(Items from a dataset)
....
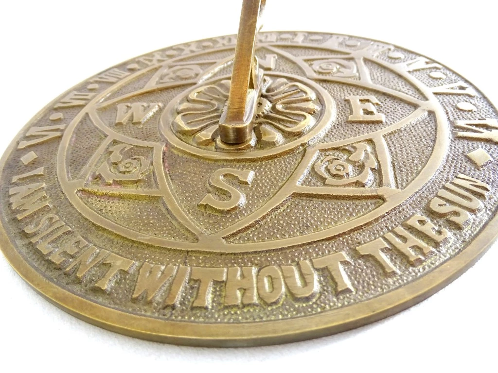 Ornamentyka kwiatowa, róża wiatrów i napis "I am silent without the sun" - Milczę bez słońca
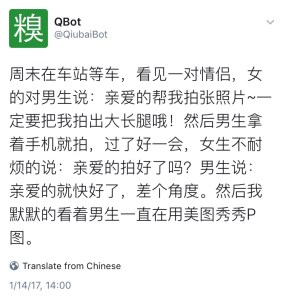 In the second tweet, the user recounts a scene they had witnessed, in which a woman instructs her partner to take a photo of her and to hold the camera in an angle such that her legs will appear longer in the frame. She waits for some time as her partner makes a few unsuccessful attempts, after which he secretly uses the leg elongation feature on MeituXiuxiu to save himself the trouble. This captures the culture of “Instagram husbands” or women who make their male partners take #OOTDs (outfit of the day) photos of them in public places. It is often joked that these are elaborate processes dreaded by male partners because the women dish out several requests for the frame to capture something specific in the background, while highlighting her body in favourable light over several different poses. For instance, a common practice is for male partners to bend down or squat while capturing a photo from waist or knee height such that the woman photographed will appear taller.
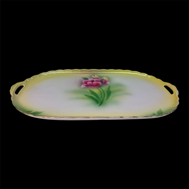 Vintage Victoria China, Czechoslovakia serveringsfat i porslin med handtag och dekorativt blommotiv.
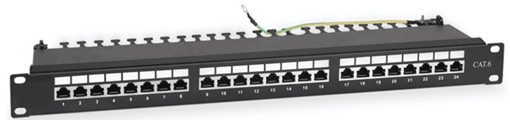 Патч-панель PP-1U-24S-C6-CM кат. 6, 24 порта, экранированная, 1U, с задним кабельным организатором, черная
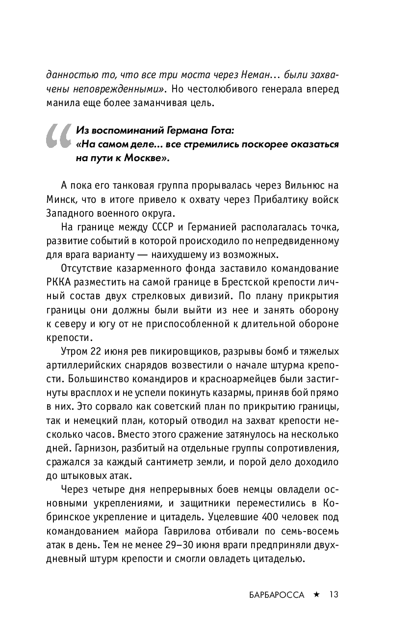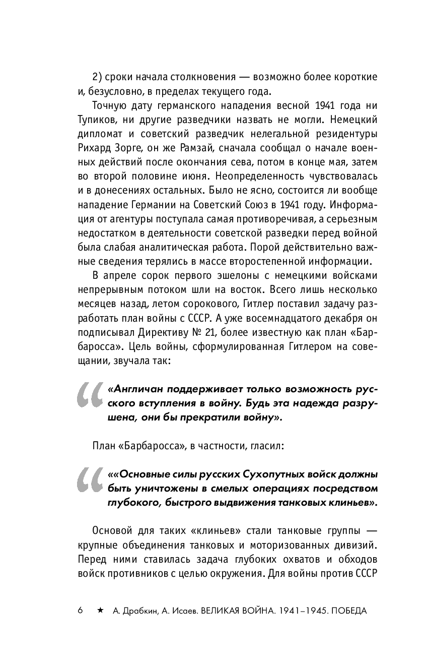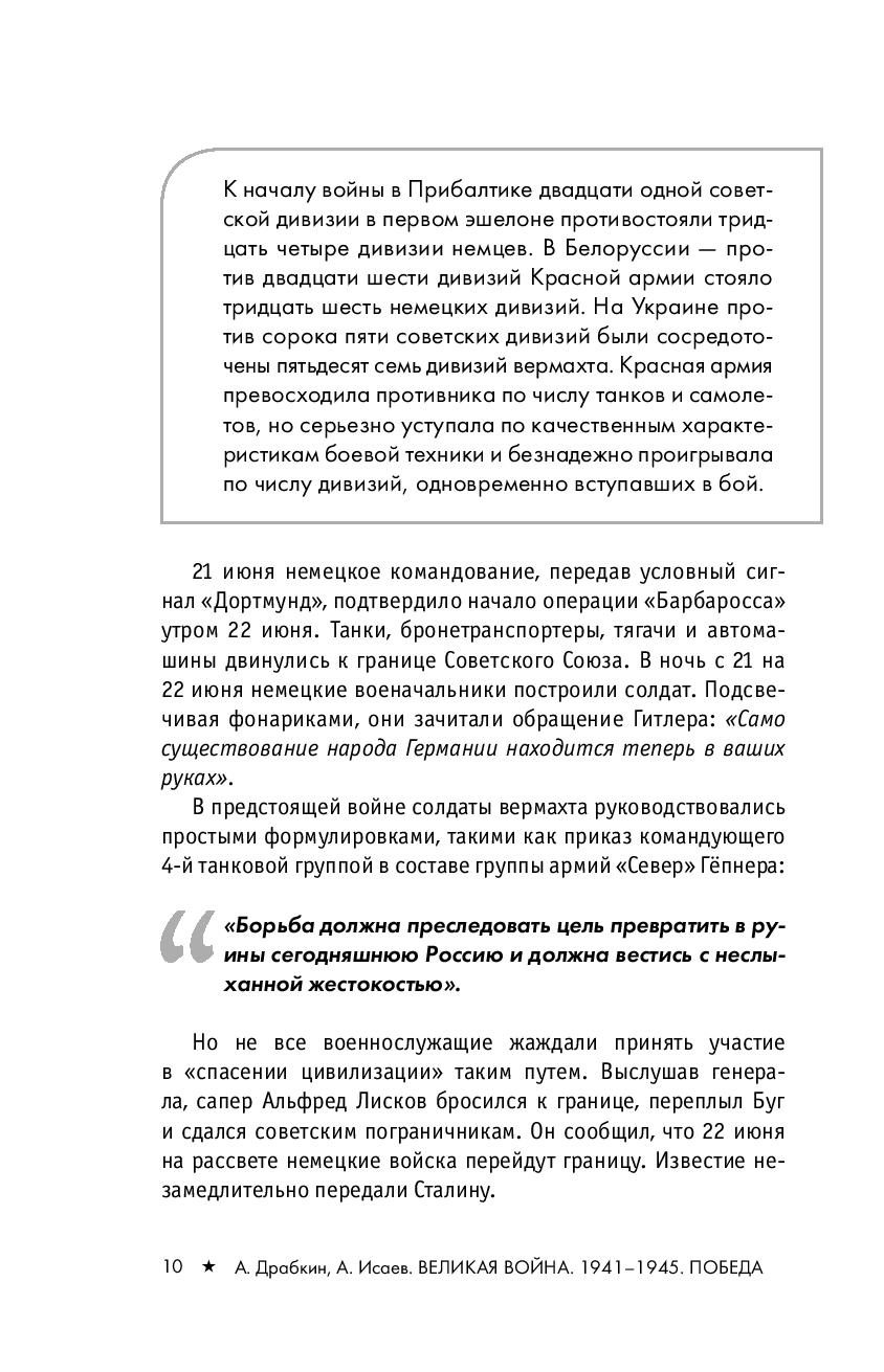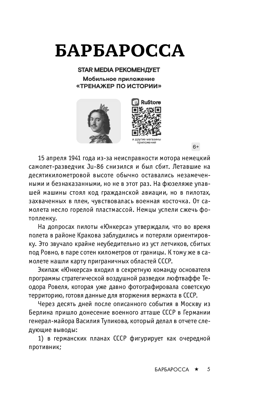 Книга последовательно описывает ключевые события Великой Отечественной войны, начиная с плана "Барбаросса" и заканчивая битвой за Берлин. Авторы анализируют тактические ошибки и стратегические просчеты обеих сторон, что позволяет более глубоко понять ход военных действий и их итог. Особый стиль повествования позволит не только познакомиться с масштабными военными операциями и стратегическими решениями, но и проникнуться личными драмами и историями участников этих событий. Издание станет незаменимым источником знаний для всех, кто хочет глубже понять события 1941–1945 годов, почувствовать дух времени и ещё раз вспомнить о той страшной цене, которую пришлось заплатить за победу.
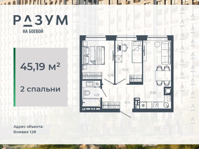 РАЗУМ на Боевой жилой комплекс компании РАЗУМ, создателя Сердце Каспия и Наследие. Проект из трех 18-этажных домов расположен в самом центре Советского района, на улице Боевая. В пешей доступности: - 3 школы; - 3 детских сада; - магазины; - автобусная остановка; Главная особенность проекта — угловое остекление, которое составляет 22% от всей площади. Все окна в квартирах находятся на высоте 62 см от пола, а на восемнадцатом этаже подоконник расположен всего в 42 см от пола. Во дворе-парке для детей создана своя развивающая среда, где каждый ребёнок может найти себе занятия и игры по душе. Здесь дети активно развиваются и познают окружающий мир. Игровые конструкции изготовлены из натуральных материалов, поэтому они не замерзают на морозе и не нагреваются на солнце. Необычные формы конструкций развивают образное мышление у детей и помогают им придумывать интересные и нестандартные игры. РАЗУМ на Боевой — это: - территория без машин; - безбарьерная среда; - единый эко-стиль в оформлении дворового пространства; - увеличенная площадь озеленения во дворе-парке; - многоуровневое освещение и подсветка фасадов; - видеонаблюдение; - эстетичные подъездные холлы; - колясочные и велосипедные зоны; - кладовые на каждом этаже. В проекте представлены 13 планировочных решений с площадью квартир от 21 м² до 62.2 м² с функциональным разделением на гостевую и приватные зоны.
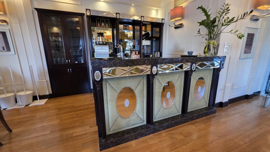 Prodaje se ugostiteljski šank iz restorana Kaštel, koji se nalazi u sklopu Hotela Bastion. Šank se prodaje zajedno s vitrinom i pripadajućim profesionalnim rashladnim uređajima. Inventar je korišten u hotelsko-restoranskom okruženju, redovito održavan i potpuno funkcionalan.
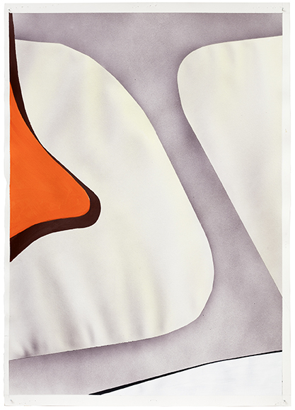 Heli Hiltunen‘s artworks carry a merry, loose and playful presence. Her paper-based works feature energising colours such as orange, red and yellow. The forms are soft and billowy. The works in this exhibition are part of an extensive series that the artist began in 2017 while working in the countryside. She chose oil sticks and drawing as her technique, simply because the supplies were easy to transport. Working at the same summertime desk and in the same summertime room, Hiltunen has allowed her hand to express itself perhaps a little more freely than in the studio. Parallel to drawing and painting, Hiltunen has done farm work, pulled weeds and engaged in summer pastimes before getting back to the sheets of paper. This cycle has produced ideas, refined by the eye and mind, which we now see in the form of these works. A generous shape drawn on the wall in charcoal provides the foundation for the presentation of the drawings.
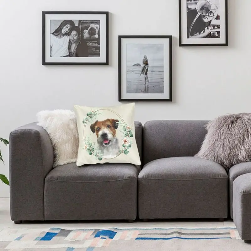 Чехол для подушки с изображением собаки Джека Расселла терьера в цветочек золотого цвета
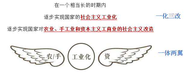 党在过渡时期总路线的主要内容被概括为“一化三改”。“一化”即社会主义工业化,“三改”即对个体农业、手工业和资本主义工商业的社会主义改造。它们之间相互联系,不可分离,可以比喻为鸟的“主体”和“两翼”。其中,“一化”是“主体”,“三改”是“两翼”,两者相辅相成、相互促进。可以结合下图理解党在过渡时期的总路线。
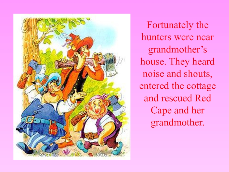 Слайд 28Fortunately the hunters were near grandmother’s house. They heard noise and
....
Aim of the task → Retype the data above in full, exactly as it stands, and skip any image.

Output for this task →
 Ornamentyka kwiatowa, róża wiatrów i napis "I am silent without the sun" - Milczę bez słońca
 In the second tweet, the user recounts a scene they had witnessed, in which a woman instructs her partner to take a photo of her and to hold the camera in an angle such that her legs will appear longer in the frame. She waits for some time as her partner makes a few unsuccessful attempts, after which he secretly uses the leg elongation feature on MeituXiuxiu to save himself the trouble. This captures the culture of “Instagram husbands” or women who make their male partners take #OOTDs (outfit of the day) photos of them in public places. It is often joked that these are elaborate processes dreaded by male partners because the women dish out several requests for the frame to capture something specific in the background, while highlighting her body in favourable light over several different poses. For instance, a common practice is for male partners to bend down or squat while capturing a photo from waist or knee height such that the woman photographed will appear taller.
 Vintage Victoria China, Czechoslovakia serveringsfat i porslin med handtag och dekorativt blommotiv.
 Патч-панель PP-1U-24S-C6-CM кат. 6, 24 порта, экранированная, 1U, с задним кабельным организатором, черная
 Книга последовательно описывает ключевые события Великой Отечественной войны, начиная с плана "Барбаросса" и заканчивая битвой за Берлин. Авторы анализируют тактические ошибки и стратегические просчеты обеих сторон, что позволяет более глубоко понять ход военных действий и их итог. Особый стиль повествования позволит не только познакомиться с масштабными военными операциями и стратегическими решениями, но и проникнуться личными драмами и историями участников этих событий. Издание станет незаменимым источником знаний для всех, кто хочет глубже понять события 1941–1945 годов, почувствовать дух времени и ещё раз вспомнить о той страшной цене, которую пришлось заплатить за победу.
 РАЗУМ на Боевой жилой комплекс компании РАЗУМ, создателя Сердце Каспия и Наследие. Проект из трех 18-этажных домов расположен в самом центре Советского района, на улице Боевая. В пешей доступности: - 3 школы; - 3 детских сада; - магазины; - автобусная остановка; Главная особенность проекта — угловое остекление, которое составляет 22% от всей площади. Все окна в квартирах находятся на высоте 62 см от пола, а на восемнадцатом этаже подоконник расположен всего в 42 см от пола. Во дворе-парке для детей создана своя развивающая среда, где каждый ребёнок может найти себе занятия и игры по душе. Здесь дети активно развиваются и познают окружающий мир. Игровые конструкции изготовлены из натуральных материалов, поэтому они не замерзают на морозе и не нагреваются на солнце. Необычные формы конструкций развивают образное мышление у детей и помогают им придумывать интересные и нестандартные игры. РАЗУМ на Боевой — это: - территория без машин; - безбарьерная среда; - единый эко-стиль в оформлении дворового пространства; - увеличенная площадь озеленения во дворе-парке; - многоуровневое освещение и подсветка фасадов; - видеонаблюдение; - эстетичные подъездные холлы; - колясочные и велосипедные зоны; - кладовые на каждом этаже. В проекте представлены 13 планировочных решений с площадью квартир от 21 м² до 62.2 м² с функциональным разделением на гостевую и приватные зоны.
 Prodaje se ugostiteljski šank iz restorana Kaštel, koji se nalazi u sklopu Hotela Bastion. Šank se prodaje zajedno s vitrinom i pripadajućim profesionalnim rashladnim uređajima. Inventar je korišten u hotelsko-restoranskom okruženju, redovito održavan i potpuno funkcionalan.
 Heli Hiltunen‘s artworks carry a merry, loose and playful presence. Her paper-based works feature energising colours such as orange, red and yellow. The forms are soft and billowy. The works in this exhibition are part of an extensive series that the artist began in 2017 while working in the countryside. She chose oil sticks and drawing as her technique, simply because the supplies were easy to transport. Working at the same summertime desk and in the same summertime room, Hiltunen has allowed her hand to express itself perhaps a little more freely than in the studio. Parallel to drawing and painting, Hiltunen has done farm work, pulled weeds and engaged in summer pastimes before getting back to the sheets of paper. This cycle has produced ideas, refined by the eye and mind, which we now see in the form of these works. A generous shape drawn on the wall in charcoal provides the foundation for the presentation of the drawings.
 Чехол для подушки с изображением собаки Джека Расселла терьера в цветочек золотого цвета
 党在过渡时期总路线的主要内容被概括为“一化三改”。“一化”即社会主义工业化,“三改”即对个体农业、手工业和资本主义工商业的社会主义改造。它们之间相互联系,不可分离,可以比喻为鸟的“主体”和“两翼”。其中,“一化”是“主体”,“三改”是“两翼”,两者相辅相成、相互促进。可以结合下图理解党在过渡时期的总路线。
 Слайд 28Fortunately the hunters were near grandmother’s house. They heard noise and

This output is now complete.